Студент поднялся к себе. Вотрен куда-то ушел. Через несколько минут госпожа Кутюр и Викторина сели в карету, нанятую Сильвией. Пользуясь лучшими часами дня, Пуаре отправился под ручку с мадемуазель Мишоно гулять в Ботанический сад.
— Словно женатые, — сказала толстая Сильвия. — Сегодня они в первый раз выходят вместе. Они так сухи, что, коли сшибутся, от них искры посыпятся.

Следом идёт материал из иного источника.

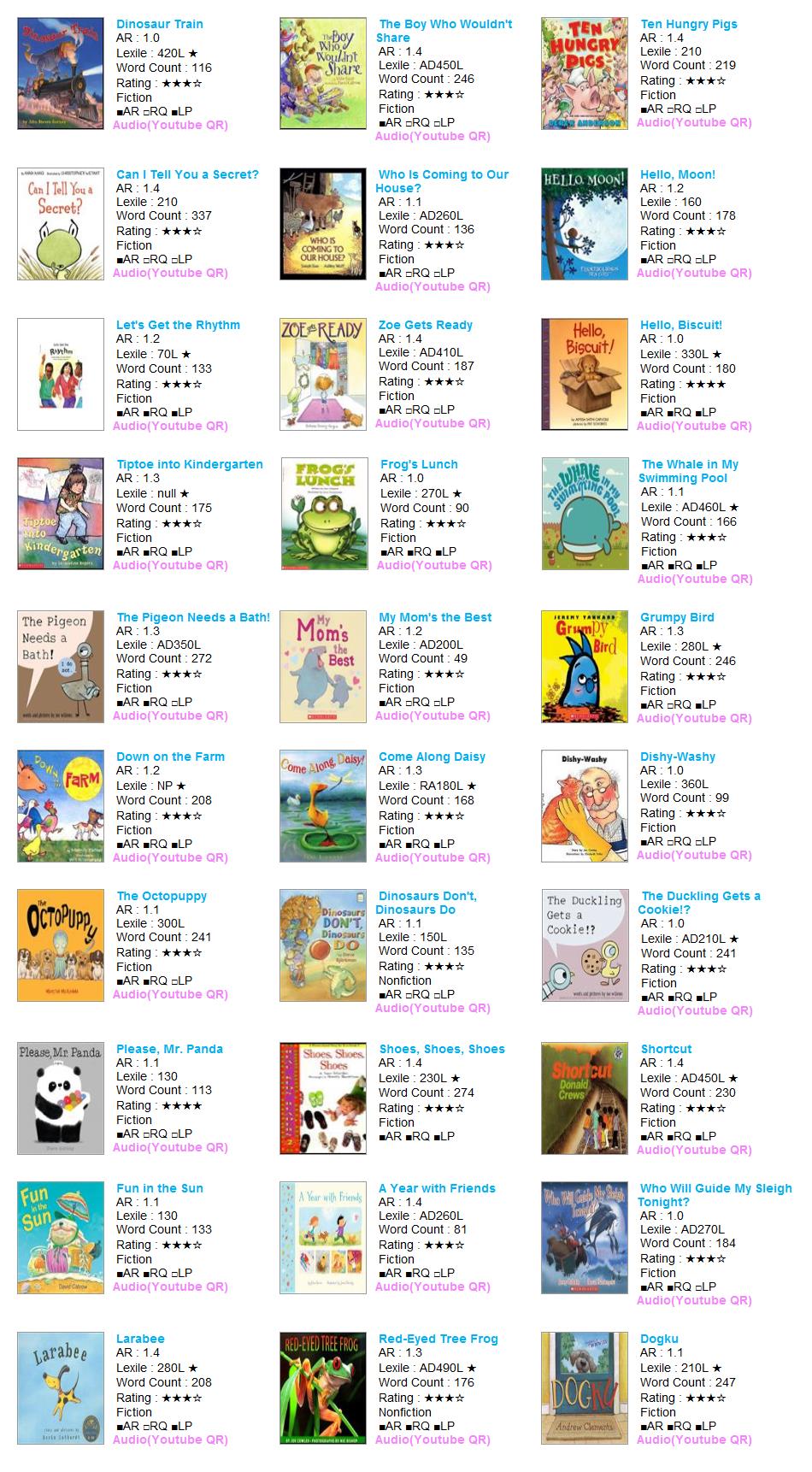 | AR Level | Lexile | Title | Author | AR No | RQ No | IL | Pts | Fiction | RP | RV | VP | LS | Rating | Word | Barcode |

— Берегись тогда шаль мадемуазель Мишоно, — посмеялась госпожа Воке, — она вспыхнет как трут.
Возвратясь в четыре часа вечера, Горио увидел при свете двух коптивших ламп Викторину, глаза которой были красны от слез. Госпожа Воке слушала рассказ о бесплодном утреннем визите к господину Тайферу. Ему надоели посещения дочери и старухи Кутюр, и он принял их, чтобы объясниться.
— Дорогая моя, — говорила госпожа Кутюр госпоже Воке, — представьте, он даже не предложил Викторине сесть, и ей пришлось все время стоять. А мне он сказал без гнева, совершенно хладнокровно, что мы можем избавить себя от труда приходить к нему, что мадемуазель (он даже не назвал ее дочерью) роняет себя в глазах своей назойливостью (это раз-то в год, чудовище!), что мать Викторины была бесприданницей, а поэтому мадемуазель не может ни на что притязать; словом, наговорил самых жестоких вещей, от которых бедная девочка залилась слезами. Крошка бросилась к ногам отца и смело заявила ему, что проявляет такую настойчивость только ради матери, что она готова безропотно покориться его воле, но умоляет прочесть завещание покойной; Викторина достала письмо и, подавая его отцу, говорила прекрасно, с большим чувством; не знаю, откуда у нее что бралось; сам господь бог наставлял ее, бедная девочка так воодушевилась, что, слушая ее, я ревела, как дура. А знаете, что делал тем временем этот изверг? Он стриг ногти; потом взял письмо, орошенное слезами несчастной госпожи Тайфер, и бросил его на камин, сказав: «Хорошо!» Он хотел поднять дочь, та ловила его руки, чтобы поцеловать, но он отнял их. Ну, не злодей ли это? Тут вошел этот долговязый болван, его сын, и даже не поздоровался с сестрой.
— Значит, оба они — чудовища? — вырвалось у папаши Горио.
— После этого, — продолжала госпожа Кутюр, не обратив внимание на восклицание добряка, — отец и сын ушли, раскланявшись со мной и ссылаясь на неотложные дела. Вот к чему свелось наше посещение. По крайней мере, он видел дочь! Не понимаю, как может он не признавать ее: она его вылитый портрет.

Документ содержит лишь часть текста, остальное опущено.